ScalarLM's training pipeline runs from the ml/ directory. The relevant file for adding a post-training upload step is:

ml/cray_megatron/megatron/training_loop.py

Because ScalarLM uploads your local ./ml directory to the server with each job submission, you can make this change locally and it will be picked up automatically — no Docker rebuild required.


Step 1 — Check Out the ml/ Directory

Place a copy of the ml/ directory alongside your training script:

./train.py
./ml/   # your local customizations, uploaded automatically with each job

If you haven't already, clone the repo and copy the directory:

git clone https://github.com/tensorwavecloud/ScalarLM.git
cp -r ScalarLM/ml ./ml

Step 2 — Add the Upload Call to training_loop.py

Open ml/cray_megatron/megatron/training_loop.py. At the bottom of the training function, after the final checkpoint is saved, add the following block:

from huggingface_hub import HfApi
import os

def push_checkpoint_to_hub(
    checkpoint_path: str,
    repo_id: str,
    hf_token: str,
    commit_message: str = "Upload fine-tuned ScalarLM checkpoint",
):
    """Push a local checkpoint file to a Hugging Face repository."""
    api = HfApi()

    # Create the repo if it doesn't already exist
    api.create_repo(
        repo_id=repo_id,
        token=hf_token,
        exist_ok=True,
        private=True,       # set to False to make the model public
    )

    api.upload_file(
        path_or_fileobj=checkpoint_path,
        path_in_repo=os.path.basename(checkpoint_path),
        repo_id=repo_id,
        token=hf_token,
        commit_message=commit_message,
    )

    print(f"Checkpoint pushed to https://huggingface.co/{repo_id}")

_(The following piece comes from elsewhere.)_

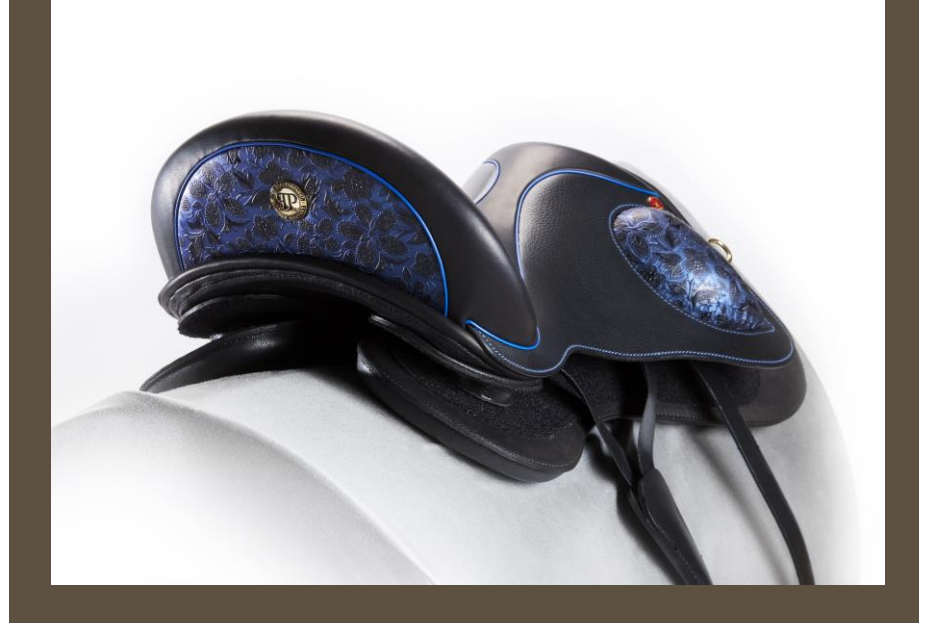
Create a one-of-a-kind look with stitching.

Outline the skirt of the saddle – or order a pair of stitched flaps, to match!

Then, at the point in the training loop where the final checkpoint is written (search for torch.save), call the function immediately after:

# Existing checkpoint save — already in training_loop.py
torch.save(model.state_dict(), checkpoint_path)

# --- Add this block ---
hf_token = os.environ.get("HF_TOKEN")
hf_repo  = os.environ.get("HF_REPO_ID")   # e.g. "your-username/my-fine-tuned-gemma"

if hf_token and hf_repo:
    push_checkpoint_to_hub(
        checkpoint_path=checkpoint_path,
        repo_id=hf_repo,
        hf_token=hf_token,
    )
# ----------------------

The upload is gated on the presence of both environment variables, so it is a no-op if they are not set — existing jobs that don't provide them will be unaffected.

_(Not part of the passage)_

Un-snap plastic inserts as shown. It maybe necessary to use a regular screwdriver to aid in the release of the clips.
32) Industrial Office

Step 3 — Pass the HF Credentials via train_args

Pass your Hugging Face token and target repo as environment variables through train_args in your training script:

import scalarlm

scalarlm.api_url = "https://gemma3_4b_it.farbodopensource.org"

llm = scalarlm.SupermassiveIntelligence()

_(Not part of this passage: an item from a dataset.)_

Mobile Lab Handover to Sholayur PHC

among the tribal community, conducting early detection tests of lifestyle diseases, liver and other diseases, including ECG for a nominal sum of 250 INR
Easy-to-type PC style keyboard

dataset = [...]  # your training data

status = llm.train(
    dataset,
    train_args={
        "max_steps": 200,
        "learning_rate": 3e-3,
        "gpus": 2,
        "env": {
            "HF_TOKEN":    "hf_your_write_token_here",
            "HF_REPO_ID":  "your-username/my-fine-tuned-gemma",
        },
    },
)

print(status)

Step 4 — Monitor and Verify

Once the job completes, check the training logs to confirm the upload succeeded:

kubectl -n gemma3-4b-it logs -f <pod-name>
# Look for: "Checkpoint pushed to https://huggingface.co/your-username/my-fine-tuned-gemma"

Then visit your repository on Hugging Face to confirm the checkpoint file is present.


Uploading a Full Model (Weights + Tokenizer)

The snippet above uploads the raw .pt checkpoint file. If you want to push a fully HuggingFace-compatible model (so it can be loaded with AutoModelForCausalLM.from_pretrained), load the checkpoint back into the model and use push_to_hub instead:

from transformers import AutoModelForCausalLM, AutoTokenizer

base_model_name = config.model_name   # e.g. "google/gemma-3-4b-it"
model = AutoModelForCausalLM.from_pretrained(base_model_name)
model.load_state_dict(torch.load(checkpoint_path))

model.push_to_hub(hf_repo, token=hf_token)
AutoTokenizer.from_pretrained(base_model_name).push_to_hub(hf_repo, token=hf_token)

This produces a repository that can be loaded directly with the HuggingFace transformers library or deployed via another ScalarLM instance.


Security Note

Never hard-code your HF_TOKEN in a file committed to version control. Use an environment variable, a secrets manager, or pass it at runtime as shown above. Hugging Face tokens can be scoped to write-only access for a specific repo to limit exposure.